* What you are asked to do:
In the entries below, find the line with "Add what you" and the line with "Den härliga balkongen"; give again those lines and every line between them, exactly.

* Input:
####################
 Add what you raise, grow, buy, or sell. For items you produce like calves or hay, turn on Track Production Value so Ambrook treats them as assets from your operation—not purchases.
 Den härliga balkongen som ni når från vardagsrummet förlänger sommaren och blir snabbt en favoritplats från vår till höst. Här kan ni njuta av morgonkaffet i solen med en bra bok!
####################
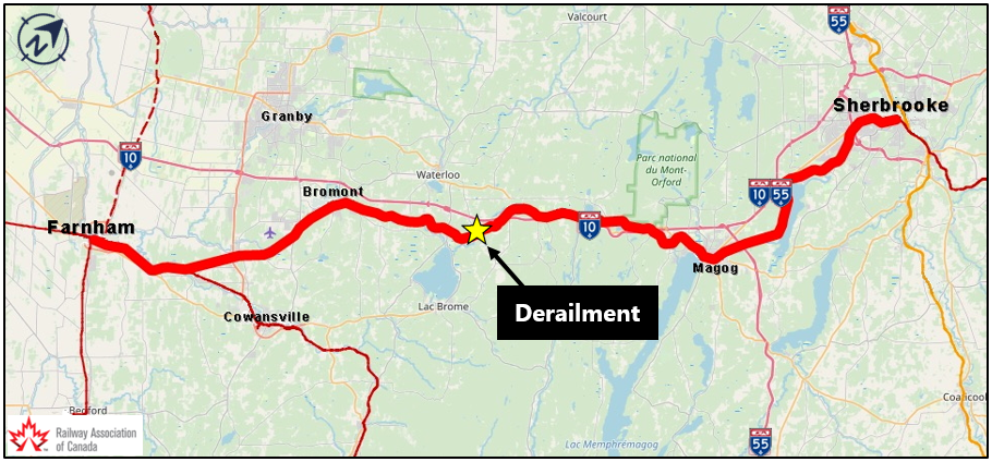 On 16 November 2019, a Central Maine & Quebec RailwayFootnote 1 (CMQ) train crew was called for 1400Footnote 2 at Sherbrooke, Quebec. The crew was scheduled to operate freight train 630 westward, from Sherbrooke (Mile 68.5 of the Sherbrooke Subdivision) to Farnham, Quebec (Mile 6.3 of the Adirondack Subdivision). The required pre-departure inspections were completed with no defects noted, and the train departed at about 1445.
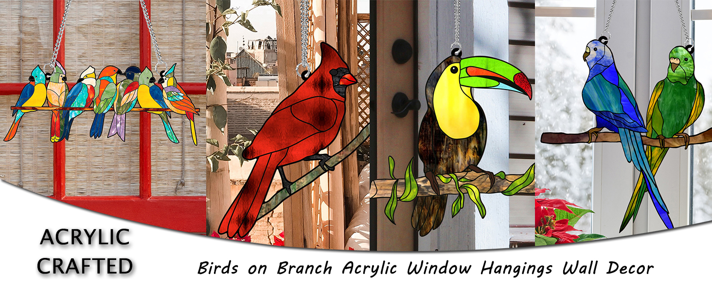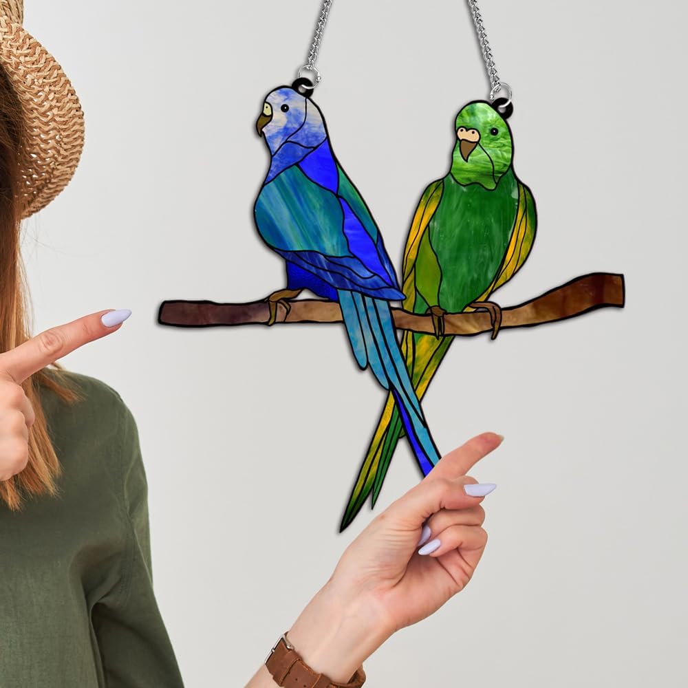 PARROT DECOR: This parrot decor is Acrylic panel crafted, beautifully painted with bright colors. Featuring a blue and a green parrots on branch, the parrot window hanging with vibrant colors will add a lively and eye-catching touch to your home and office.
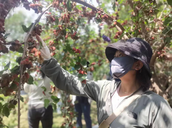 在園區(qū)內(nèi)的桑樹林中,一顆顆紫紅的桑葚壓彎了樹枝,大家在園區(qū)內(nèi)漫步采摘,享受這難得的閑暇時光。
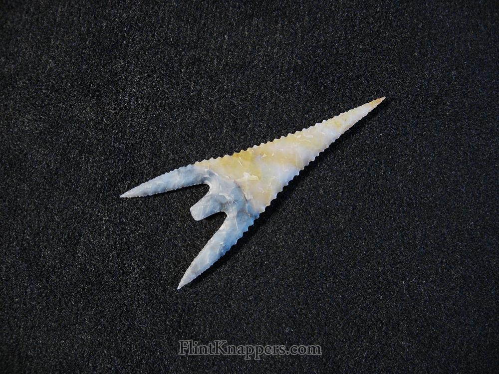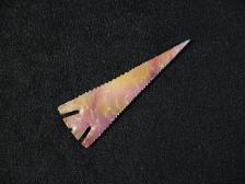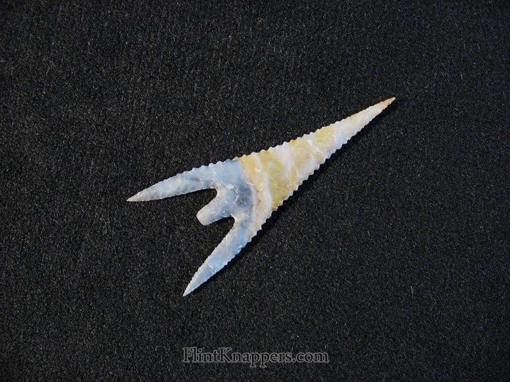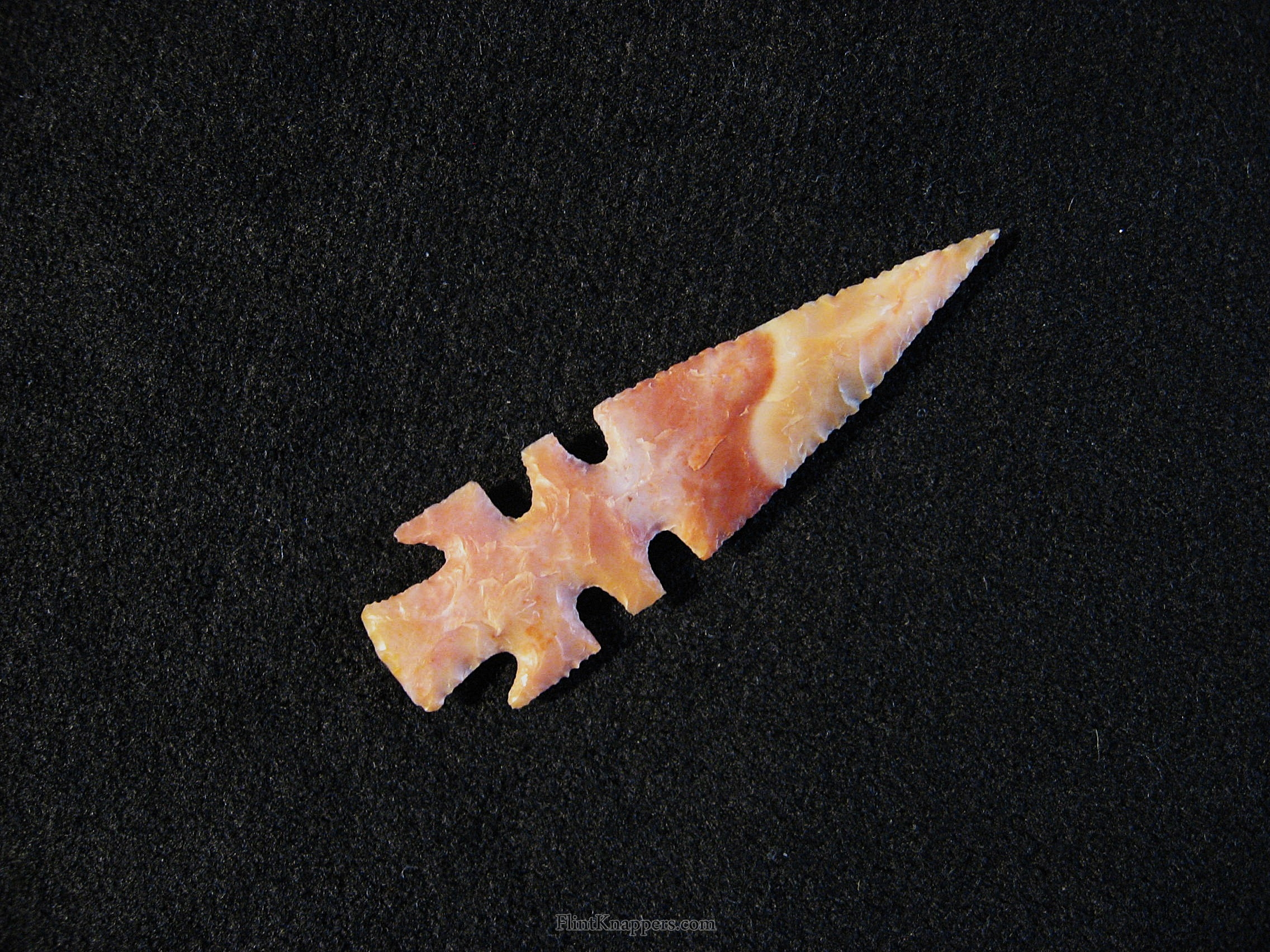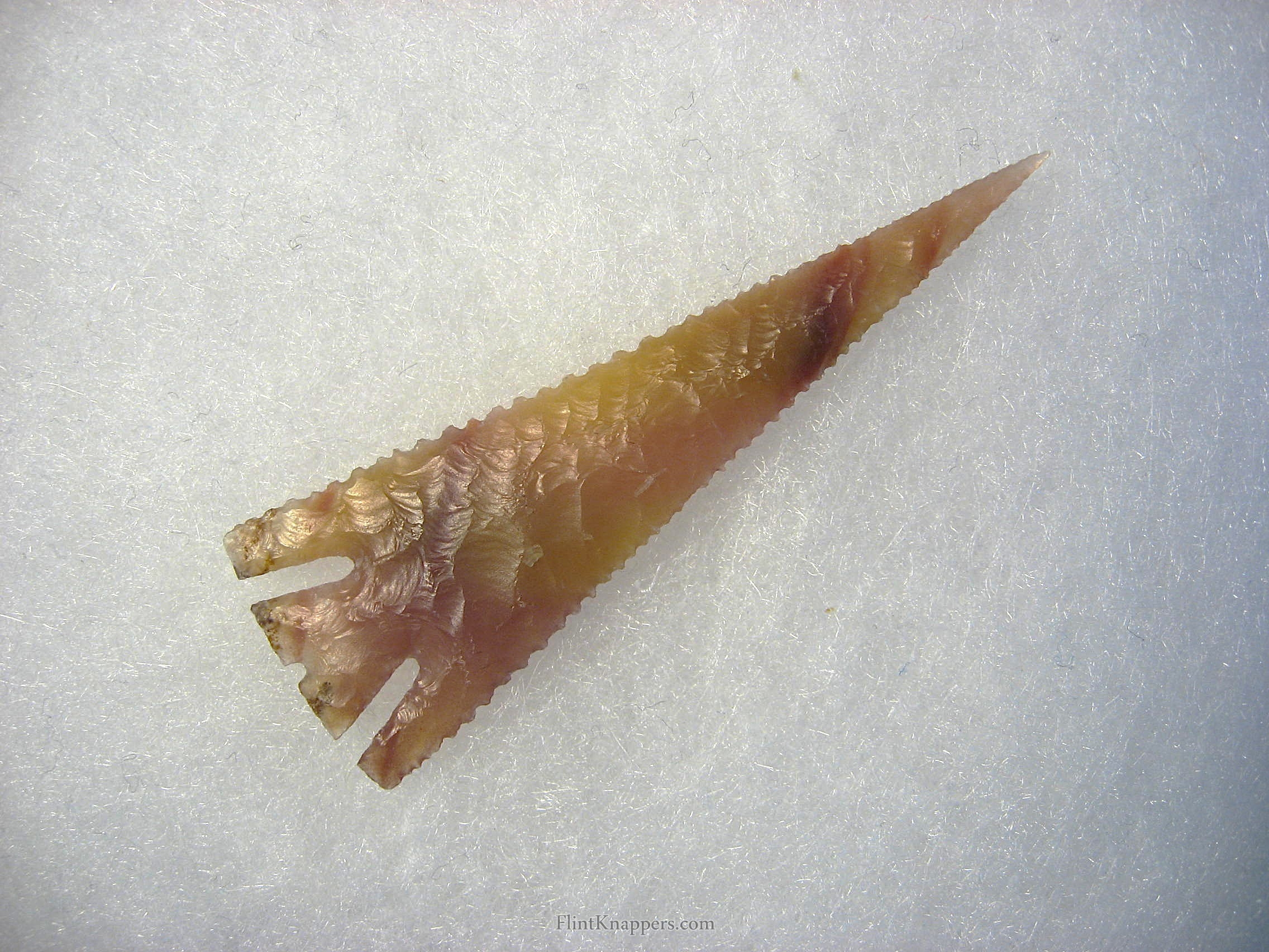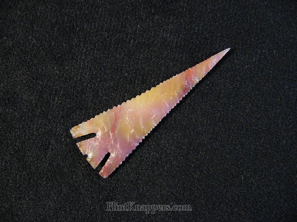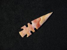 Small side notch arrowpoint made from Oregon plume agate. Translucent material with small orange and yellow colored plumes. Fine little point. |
####################
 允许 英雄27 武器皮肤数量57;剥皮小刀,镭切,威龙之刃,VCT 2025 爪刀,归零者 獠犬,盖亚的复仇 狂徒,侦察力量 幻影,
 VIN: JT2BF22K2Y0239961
####################
* Answer box:
 Add what you raise, grow, buy, or sell. For items you produce like calves or hay, turn on Track Production Value so Ambrook treats them as assets from your operation—not purchases.
 Den härliga balkongen som ni når från vardagsrummet förlänger sommaren och blir snabbt en favoritplats från vår till höst. Här kan ni njuta av morgonkaffet i solen med en bra bok!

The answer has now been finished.